Sorry for the necro but I’m having the exact same issue.

#grep "rbd1 rw" /proc/*/mountinfo 2>/dev/null
/proc/3517630/mountinfo:360 348 252:16 / /var/snap/lxd/common/lxd/storage-pools/remote/containers/among-us rw,relatime shared:76 - ext4 /dev/rbd1 rw,discard,stripe=16
/proc/3517655/mountinfo:360 348 252:16 / /var/snap/lxd/common/lxd/storage-pools/remote/containers/among-us rw,relatime shared:76 - ext4 /dev/rbd1 rw,discard,stripe=16
/proc/3517692/mountinfo:360 348 252:16 / /var/snap/lxd/common/lxd/storage-pools/remote/containers/among-us rw,relatime shared:76 - ext4 /dev/rbd1 rw,discard,stripe=16
/proc/3537155/mountinfo:360 348 252:16 / /var/snap/lxd/common/lxd/storage-pools/remote/containers/among-us rw,relatime shared:76 - ext4 /dev/rbd1 rw,discard,stripe=16
/proc/3537175/mountinfo:360 348 252:16 / /var/snap/lxd/common/lxd/storage-pools/remote/containers/among-us rw,relatime shared:76 - ext4 /dev/rbd1 rw,discard,stripe=16
/proc/3554782/mountinfo:360 348 252:16 / /var/snap/lxd/common/lxd/storage-pools/remote/containers/among-us rw,relatime shared:76 - ext4 /dev/rbd1 rw,discard,stripe=16
/proc/3555055/mountinfo:360 348 252:16 / /var/snap/lxd/common/lxd/storage-pools/remote/containers/among-us rw,relatime shared:76 - ext4 /dev/rbd1 rw,discard,stripe=16
/proc/3555152/mountinfo:360 348 252:16 / /var/snap/lxd/common/lxd/storage-pools/remote/containers/among-us rw,relatime shared:76 - ext4 /dev/rbd1 rw,discard,stripe=16
/proc/3555169/mountinfo:360 348 252:16 / /var/snap/lxd/common/lxd/storage-pools/remote/containers/among-us rw,relatime shared:76 - ext4 /dev/rbd1 rw,discard,stripe=16
/proc/3556119/mountinfo:360 348 252:16 / /var/snap/lxd/common/lxd/storage-pools/remote/containers/among-us rw,relatime shared:76 - ext4 /dev/rbd1 rw,discard,stripe=16
/proc/3556346/mountinfo:360 348 252:16 / /var/snap/lxd/common/lxd/storage-pools/remote/containers/among-us rw,relatime shared:76 - ext4 /dev/rbd1 rw,discard,stripe=16
/proc/3556408/mountinfo:360 348 252:16 / /var/snap/lxd/common/lxd/storage-pools/remote/containers/among-us rw,relatime shared:76 - ext4 /dev/rbd1 rw,discard,stripe=16
/proc/3556722/mountinfo:360 348 252:16 / /var/snap/lxd/common/lxd/storage-pools/remote/containers/among-us rw,relatime shared:76 - ext4 /dev/rbd1 rw,discard,stripe=16
/proc/3556809/mountinfo:360 348 252:16 / /var/snap/lxd/common/lxd/storage-pools/remote/containers/among-us rw,relatime shared:76 - ext4 /dev/rbd1 rw,discard,stripe=16
/proc/3556919/mountinfo:360 348 252:16 / /var/snap/lxd/common/lxd/storage-pools/remote/containers/among-us rw,relatime shared:76 - ext4 /dev/rbd1 rw,discard,stripe=16
/proc/3556973/mountinfo:360 348 252:16 / /var/snap/lxd/common/lxd/storage-pools/remote/containers/among-us rw,relatime shared:76 - ext4 /dev/rbd1 rw,discard,stripe=16

Sadly for me the nsenter command does not appear to be doing anything.

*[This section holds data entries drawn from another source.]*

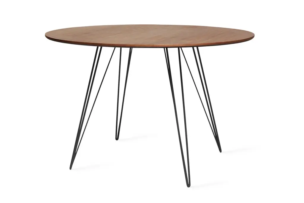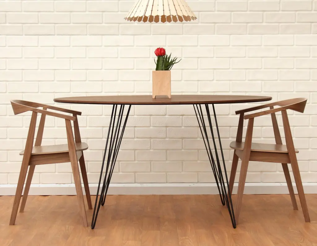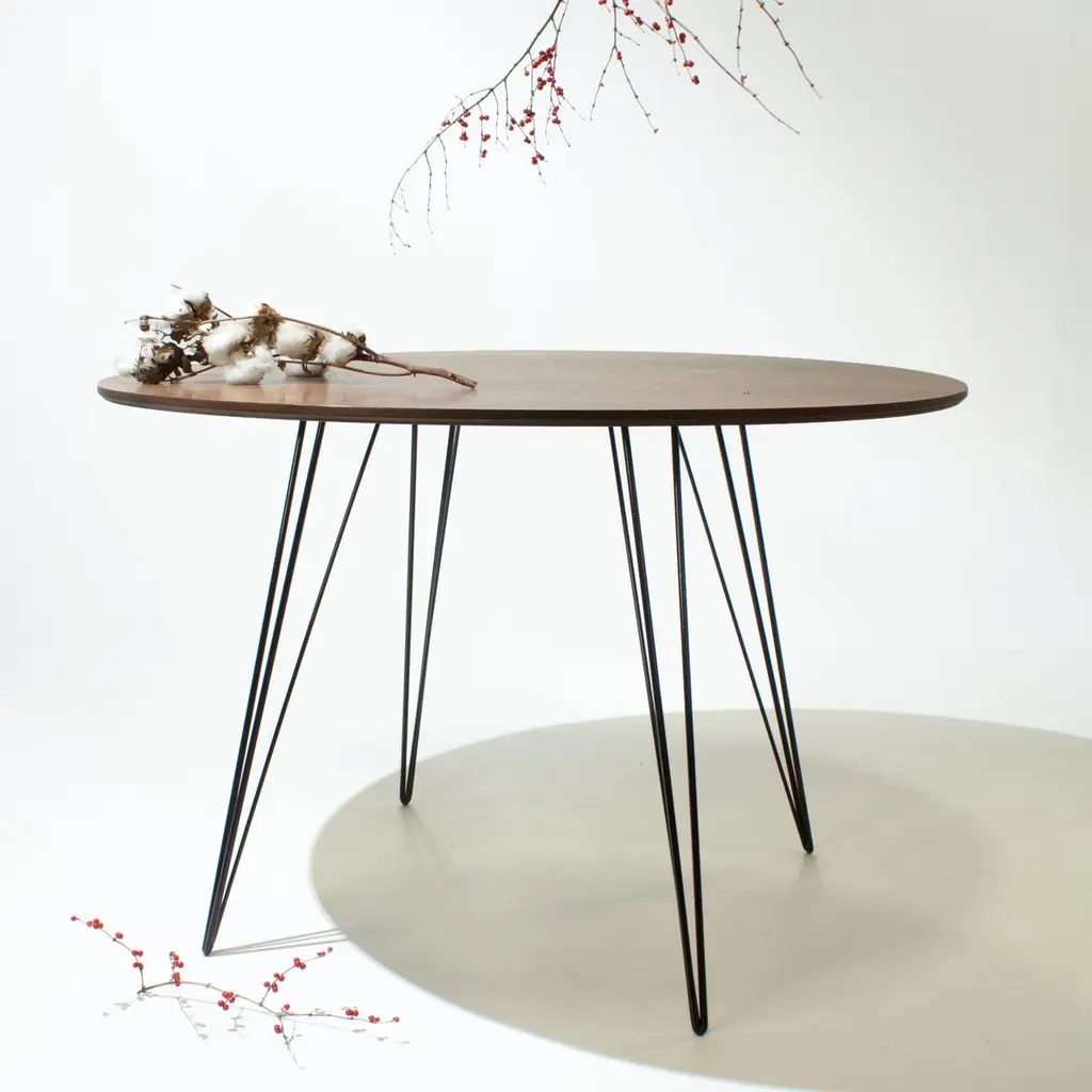 A thin, elegant and light table that can be customized to any shape, size and color desired. This handcrafted item perfectly blends industrial hairpin legs with a beveled wooden top. The irregular beauty of its natural wood combined with its simple elegant base creates a timeless, original design. This piece is offered in dinning and coffee heights as well as several shapes and sizes including large and small: rectangle, oval, square, and circle.
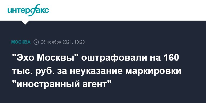 Москва. 26 ноября. INTERFAX.RU - Пресненский суд Москвы назначил штраф в размере 160 тыс. рублей "Эхо Москвы" за публикацию на сайте радиостанции сведений о признанных иностранным агентом организациях без соответствующей маркировки.
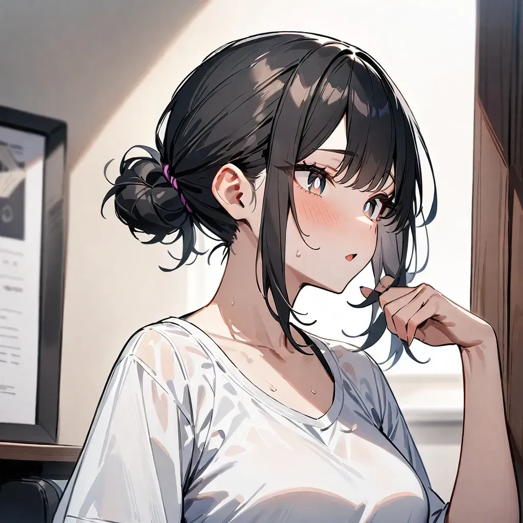 You two arranged to meet at Olivia's home since it was both of your day offs. You arrived at her house and knocked on the door. After a while, the door opened, and on the other side was Olivia. A bead of sweat fell down her forehead, and she was wearing a white shirt with some random yoga pants, her hair tied into a messy bun. She seemed busy with something.

# nsenter -t 3517630 -m - umount /var/snap/lxd/common/lxd/storage-pools/remote/containers/among-us
nsenter: failed to execute -: No such file or directory

Any other way to solve this?

stgraber · November 4, 2020, 2:44pm

Remove the dash between the PID and umount

Maran · November 4, 2020, 3:50pm

Thanks that did the trick!

Is there anything you know of that could trigger this since I seem to get this consistently, some things I should perhaps not be doing?